アニメーション映像の作り方は?制作のメリットも解説

アニメや映画だけではなく、会社案内や商品紹介にもアニメーション映像が活用されています。

アニメーション映像の制作は以前は大手制作会社のプロ編集者が行う専門性の高い仕事でしたが、パソコンや動画編集ソフトの普及によって、個人でアニメーション映像を制作することが容易になりました。

今回の記事では、アニメーション映像の特徴や作り方、個人がアニメーション映像を制作するメリットを解説します。

アニメーション

アニメーション映像とは?

アニメーション映像とは、複数の静止画を一枚ずつ撮影し、再生することで、画像や絵が動いているように見せる映像を指します。

最も簡易的なアニメーション映像としてパラパラ漫画が有名ですが、実際にはパソコン上で複雑な映像技術を用いて制作されています。

「アニメーション」または「アニメ」と呼ばれることもありますが、元来はラテン語で「魂」や「生命」を意味する「アニマ」を語源とします。

つまり、実際には動くはずがない画像に仮想的な動きを加え、命を吹き込み、自然な動きを実現したものがアニメーション映像なのです。

アニメーション映像が動く仕組み

アニメーション映像が動く仕組みを理解しましょう。 

実際には動くはずがない画像が動いているように見せるために、複数の絵をコマ撮りして、連続撮影して制作しています。

アニメだけではなく、人間が制作したあらゆる映像は実際に生き物のように動いているわけではなく、すべて静止画の連続です。

原始的なアニメーション映像であるパラパラ漫画と同じ原理で、複数の異なる画像を連続して表示することで、画像に仮想的な動きを加えられます。
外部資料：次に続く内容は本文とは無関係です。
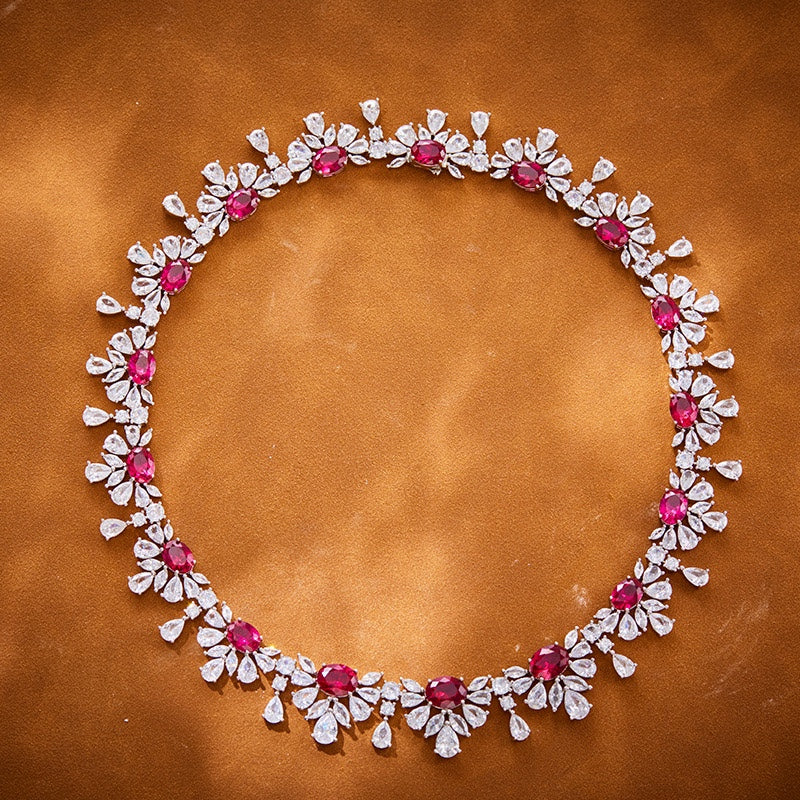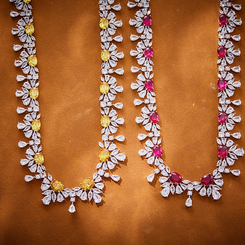 مادة القلادة: مرصعة بأحجار كريمة مختلطةالمحيط: 21 سم (شامل)-50 سم (شامل)مادة السلسلة: سبيكة/مطلية بالفضة/مطلية بالذهبالنمط: نباتات وزهورتصنيف الألوان: أحمر، أصفر

違和感のない自然な動きを実現するため、多くの絵や画像を制作する時間と技術が必要です。

例えば、1分間のアニメを動かすためには、約1500枚の絵を制作する必要があると言われています。

制作した絵の数が不足すると、複数の絵の間で距離が離れすぎて、映像はカクカクとした不自然な動きとなります。

近年ではCG技術を用いて、制作時間や費用を抑え、絵の質を高める方法が採用されることが多いようです。

個人がアニメーション映像を制作することは可能か?

アニメーション映像は、専門性が高く、映像制作会社が制作し、テレビで流すもの、というイメージが強いかもしれません。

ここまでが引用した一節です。